I'm running into a situation where a keyword from my grammar is used in the input script where the user can essentially type anything (e.g. a variable name). But ANTLR doesn't like this when it parses the script.

I know most languages have a set of reserved keywords that are pretty much forbidden in the source code because they get in the way of parsing.

But I thought that my grammar rules are clear enough that ANTLR wouldn't get confused.

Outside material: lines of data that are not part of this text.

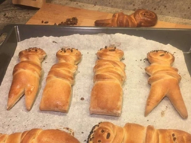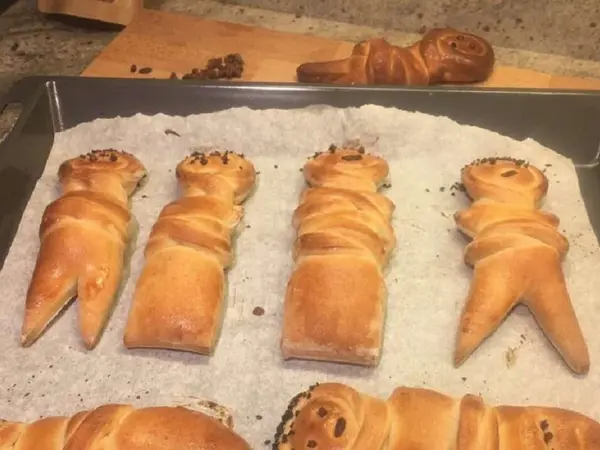 - Χωρίζουμε τη ζύμη σε 6 κομμάτια. Θα πλάσουμε 6 κομμάτια σε σχέδια ανθρώπων.
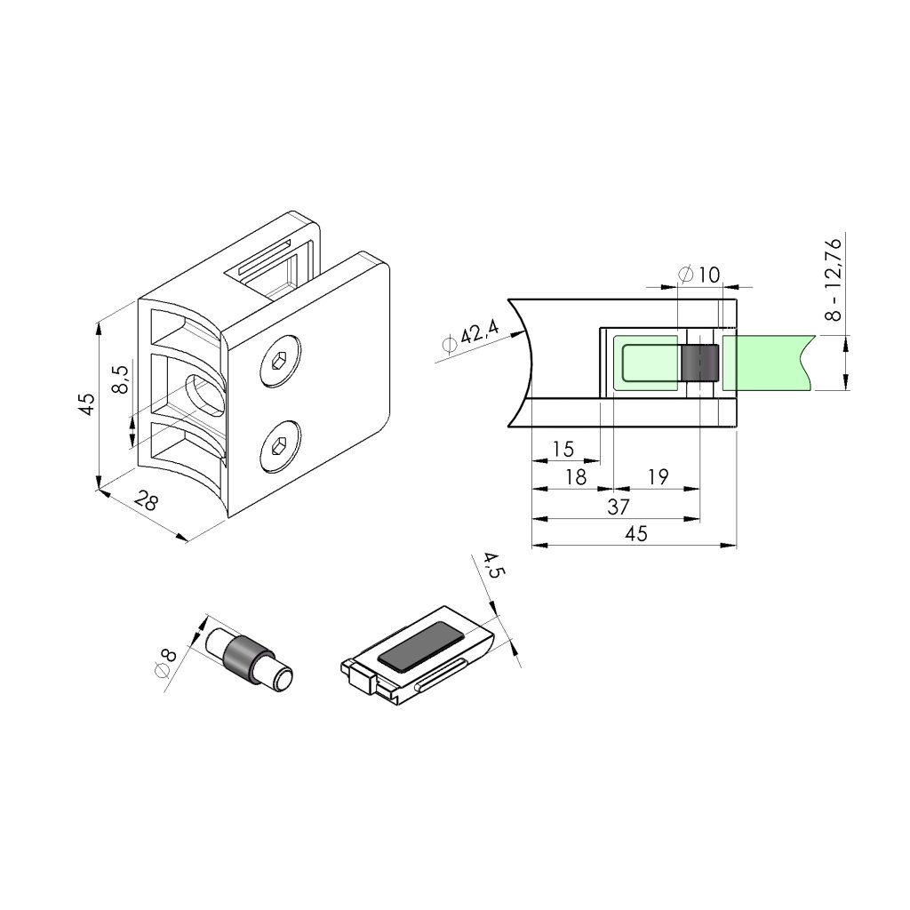 Držiak sklenenej (plechovej, tabuľovej) výplne je konštrukčný prvok používaný na upevnenie a stabilizáciu sklenenej alebo plechovej výplne v rôznych konštrukciách, ako sú zábradlia, balkóny alebo schodiská. Tento držiak zaisťuje pevné a bezpečné prichytenie výplne, čím zvyšuje celkovú stabilitu a bezpečnosť konštrukcie. Sú súčasťou moderných architektonických riešení, ktoré kombinujú funkčnosť, bezpečnosť a estetický vzhľad. Pri výbere držiaka je dôležité zvážiť jeho materiál, dizajn, funkčnosť a kompatibilitu s konkrétnou výplňou a celkovou konštrukciou. Držanie vyplne - poistenie voči vypadnutiu je dosiahnuté pomocou zverného spoja (doporučené použitie pri vrchnom kotveni) alebo zverny spoj + kolik (doporučené použitie pre bočne kotvenie) alebo zverny spoj + bezpečnostná platnicka (doporucene pouzitie pre bocne kotvenie). Držiak neobsahuje tesnenie (nutnost dokupit 2ks tesneni podla hrubky skla) a krytky pre skrutky.Dodatočné parametre
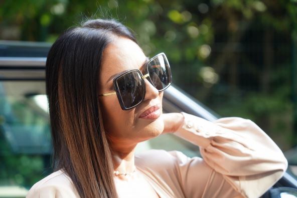Ona je vidno raspoložena izašla iz svog automobila, te pozirala okupljenim fotografima i razgovarala sa novinarima.
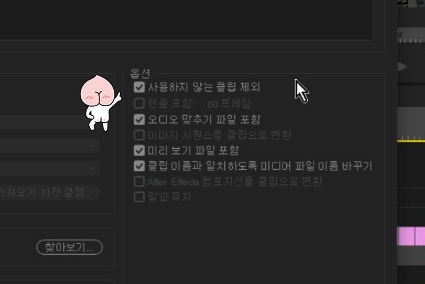 이렇게 사용하지않는 것들을 제외하고 한 폴더에 사용한 영상과 이미지를 모아 놓으면, 프로젝트가 빨라지기도 합니다.
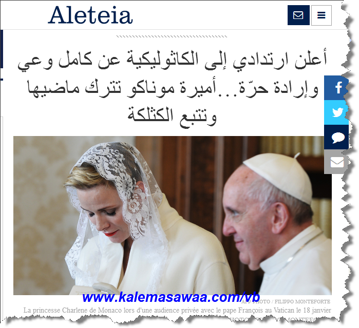 أعلن ارتدادي إلى الكاثوليكية عن كامل وعي وإرادة حرّة…أميرة موناكو تترك ماضيها وتتبع الكثلكة !
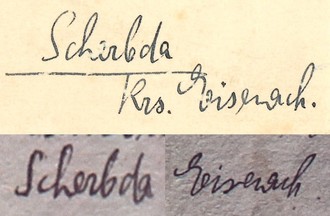 Schriftvergleich der Zeichnungsrückseite (oben) mit Eintragungen des Hilfspfarrers Wolfgang Rahaus im Scherbdaer Kirchenbuch (unten).
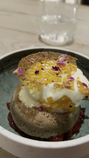Dessert of rose syrup dipped baba came with more than that, which I’m not sure is a good thing - it didn’t come together as one, so I think less is more here. Sugar crisp on top was delicate like a crème brulee crust.
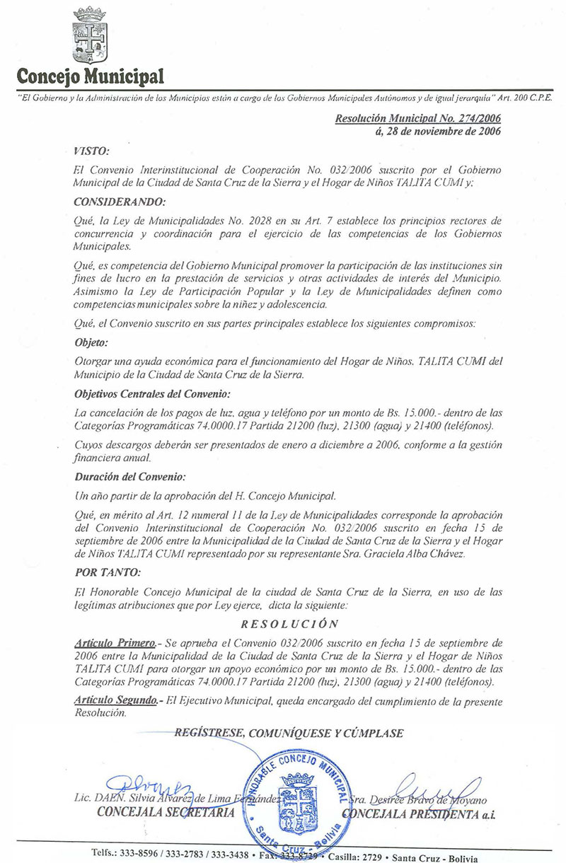 Se aprueba el Convenio 032/2006 suscrito en fecha 15 de septiembre de 2006 entre la Municipalidad de la Ciudad de Santa Cruz de la Sierra y el Hogar de Niños TALITA CUMI para otorgar un apoyo económico por un monto de Bs. 15.000.- dentro de las Categorías Programáticas 74.0000.17 Partida 21200 (luz), 21300 (agua) y 21400 (teléfonos).
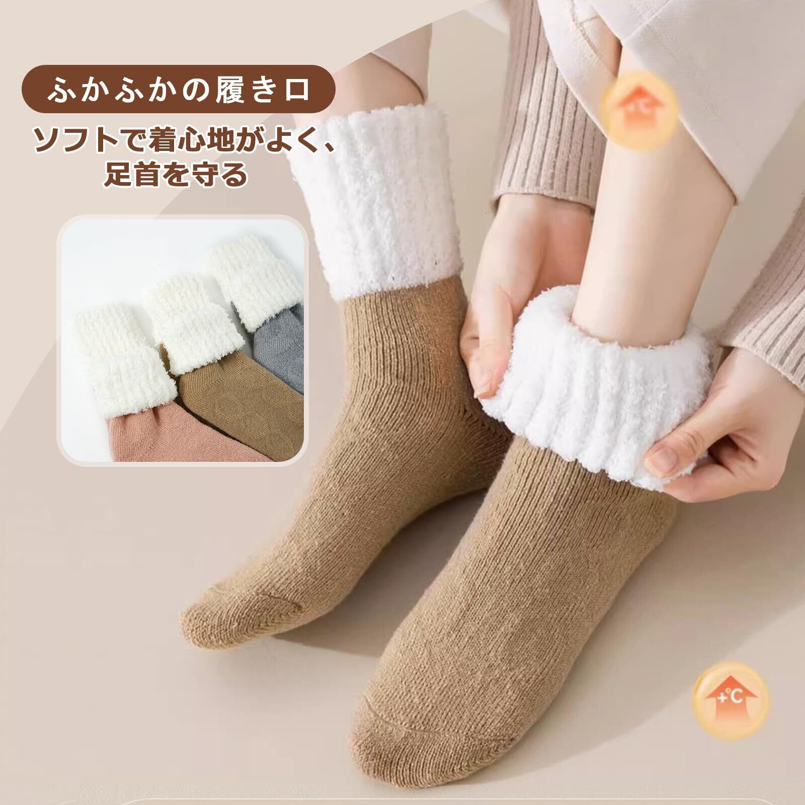 【締め付けない】:高弾力の素材を採用し、丈夫でたるみにくいし、優しく足を包まれて、締め付け感が少ない 保温靴下です。レディース冬靴下の密度は高く、摩擦を効果に軽減できます。さらりとした履き心地で、一日履いでもむくま、疲れが溜めないです。履き口からつま先まで全部ふわふわとして、まるで毛布に包まれているような履き心地、足元がぽかぽかになって幸せな温もりを楽しめます。
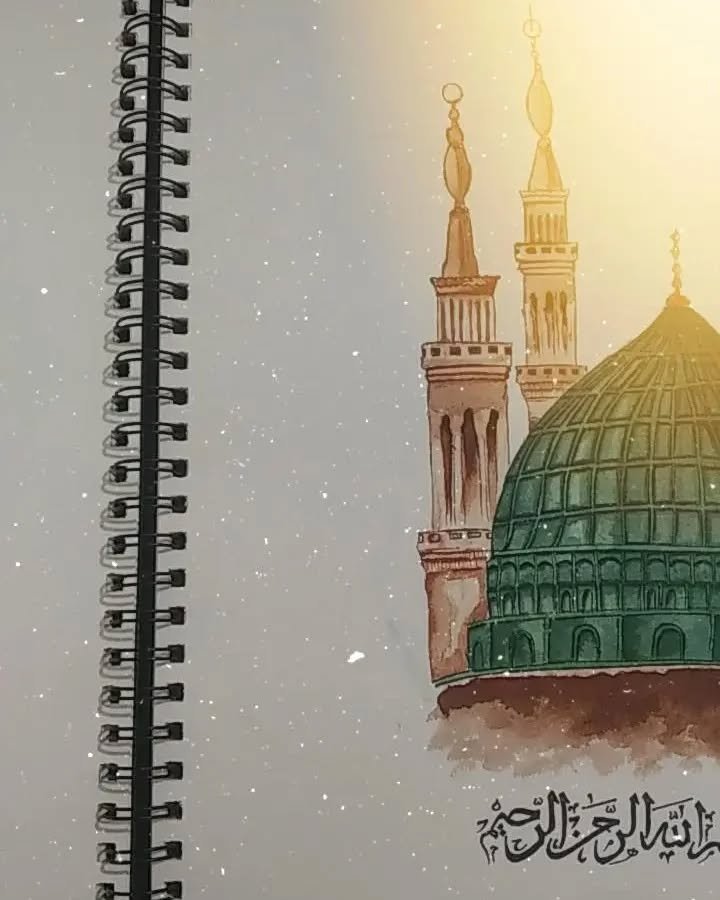 Immerse your space in a gentle shower of blessings with this exquisite watercolor painting of the Prophet’s Mosque. This artwork is a serene and heartfelt tribute, capturing the iconic Green Dome and its minarets as if they are emerging from a beautiful, earthy wash of color.
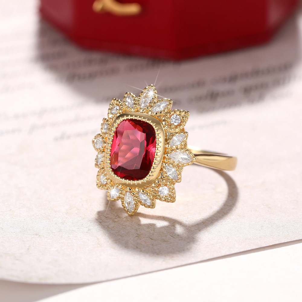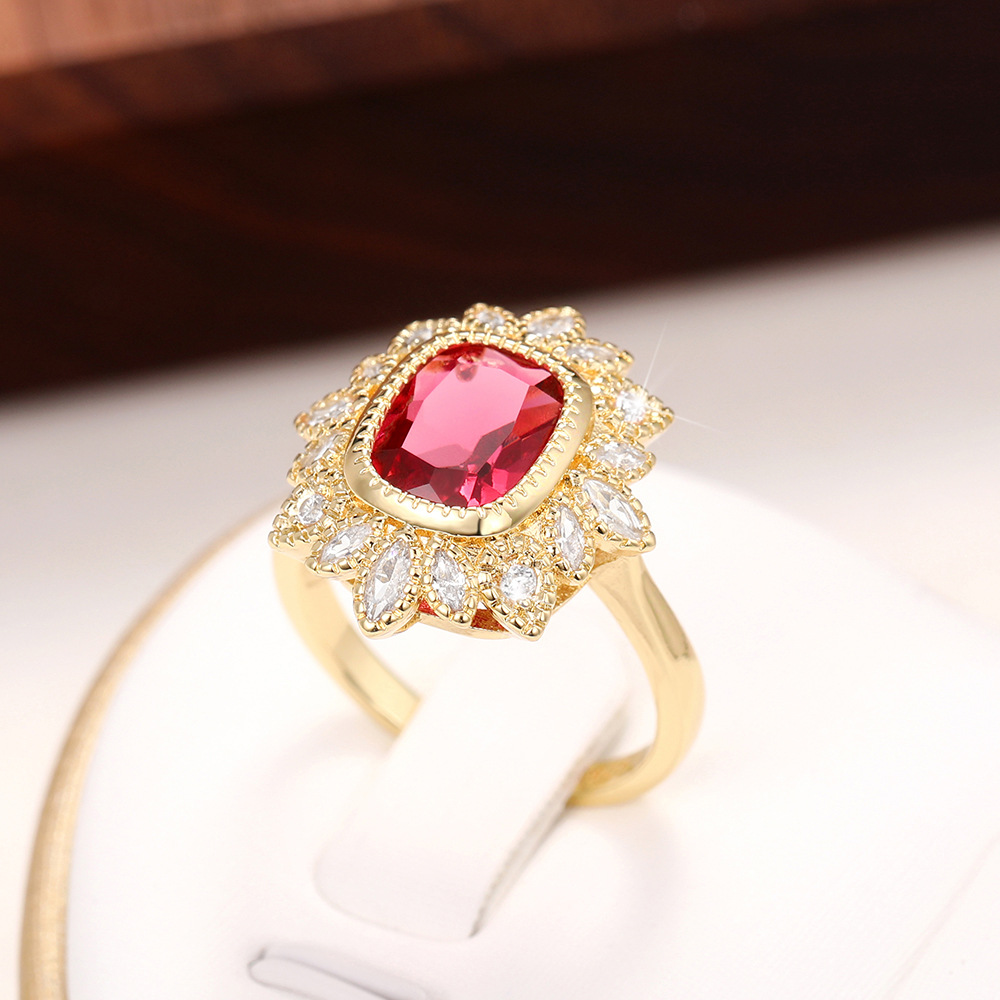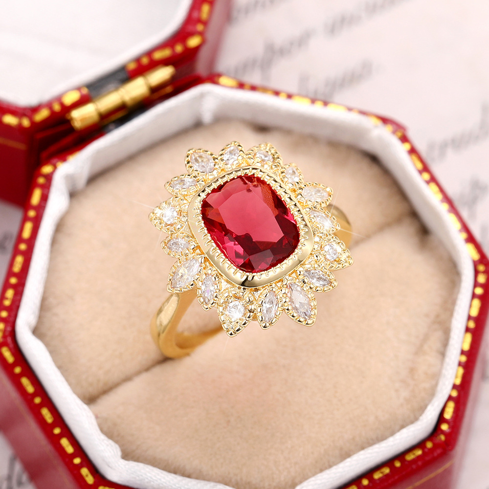 New style hand jewelry creative electroplated gold ring female inlaid red gemstone ring
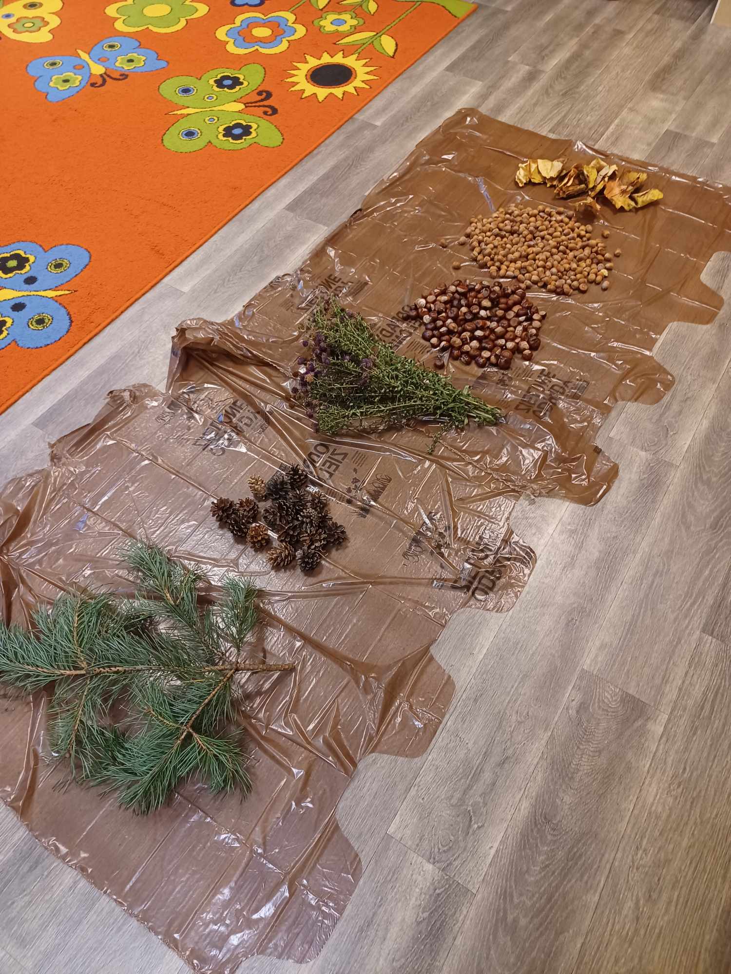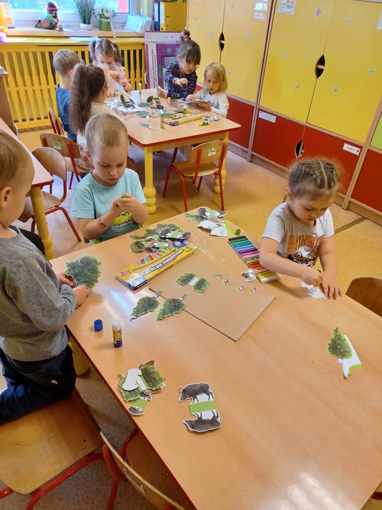 „Motylki” w tym tygodniu rozmawiały o lesie. Poznały zwierzęta, które w nim żyją. Dowiedziały się,że istnieją grzyby jadalne oraz takie, których jeść nie możemy. Wykonały dwie prace plastyczne: „Makietę lasu” oraz „Muchomorki”. Zapoznały się z darami lasu poprzez zmysł wzroku oraz dotyku, chodzac po przygotowanej ścieżce sensorycznej.

Here's a simplified version of the grammar:

grammar test;

script : statements EOF ;

statements : statement* ;

statement : (output_statement | variable_statement) ;

output_statement : identifier ('format' column_format) ;

column_format : STRING_LITERAL;

variable_statement : identifier '=' STRING_LITERAL ;

identifier : IDENTIFIER ;

IDENTIFIER : [a-z]+ ;

STRING_LITERAL : '"' ( ~[\\\r\n"] )* '"' ;

WS : [ \t\r\n\u000C]+ -> channel(HIDDEN) ;

The following parses ok:

x = "a"
x format "str"

But this next input text does not parse:

format = "a"
format format "str"

test::script:1:0: mismatched input 'format' expecting EOF

Is there any way to structure my grammar so "format" is permitted as an identifier?

Thanks.

1

1 Answers

1
votes

Since format is both a keyword and an identifier:

output_statement : identifier (FORMAT column_format) ;
.....
identifier : IDENTIFIER | FORMAT ;
.....
FORMAT     : 'format' ;
IDENTIFIER : [a-z]+ ;
.....